Listed records section start
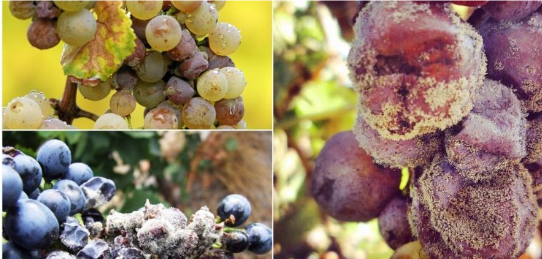
Slika 4. Simptomi sive plijesni na bobama
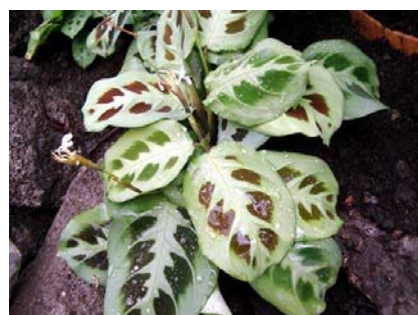
Maranta leuconeura kerchoveana
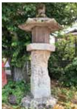
六面に彫られた六地藏

今回の記事が皆さんの郷土の歴史を知る一助になればと思います。興味がある人は、ぜひお住まいの地域の札所を巡ってみてはいかがでしょうか。
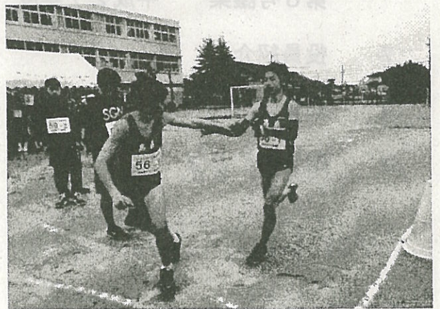
大家族ひえだ川駅伝

日時 平成27年5月18日(月) 午後7時00分から 会場 高取公民館 会議室(1階)
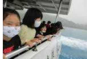
2日目の活動は 遊覧船乗船からスタート
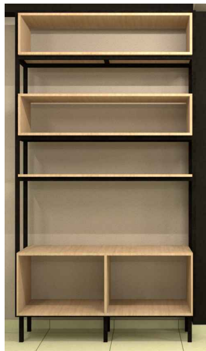
27 Detalhe 13 Sem escala
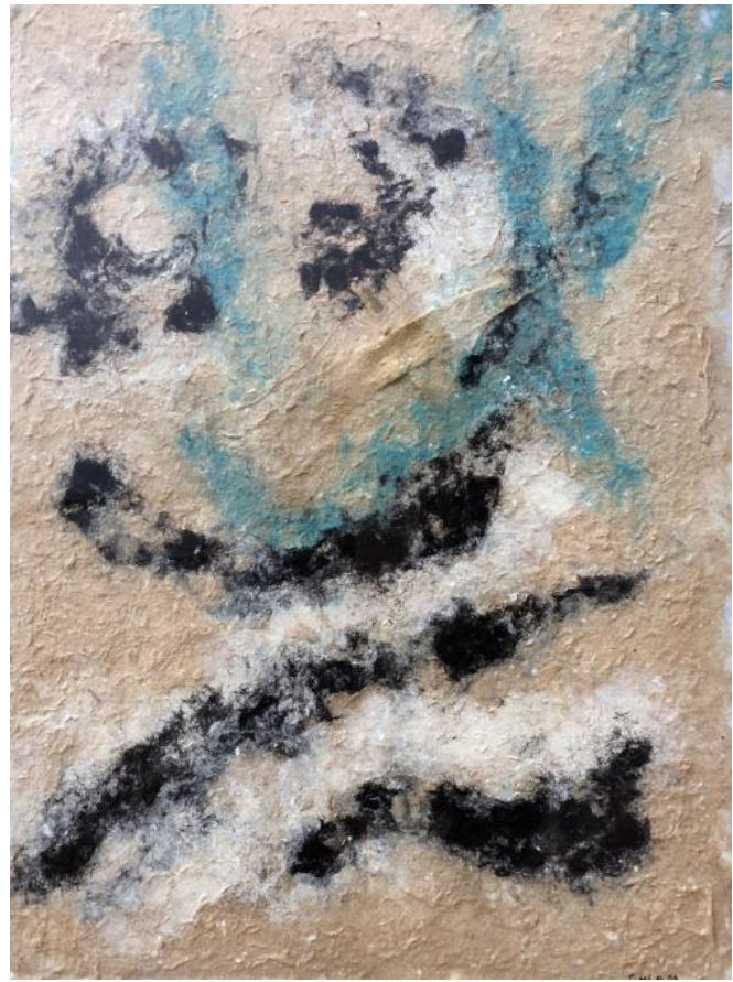
16 Signos Fibras de algodón teñidas, elementos orgánicos y hojas de pino
Listed records section end
### What is required
Apart from the pictures, all of the data must be duplicated exactly as shown above.

### Finished task
Slika 4. Simptomi sive plijesni na bobama
Maranta leuconeura kerchoveana
六面に彫られた六地藏

今回の記事が皆さんの郷土の歴史を知る一助になればと思います。興味がある人は、ぜひお住まいの地域の札所を巡ってみてはいかがでしょうか。
大家族ひえだ川駅伝

日時 平成27年5月18日(月) 午後7時00分から 会場 高取公民館 会議室(1階)
2日目の活動は 遊覧船乗船からスタート
27 Detalhe 13 Sem escala
16 Signos Fibras de algodón teñidas, elementos orgánicos y hojas de pino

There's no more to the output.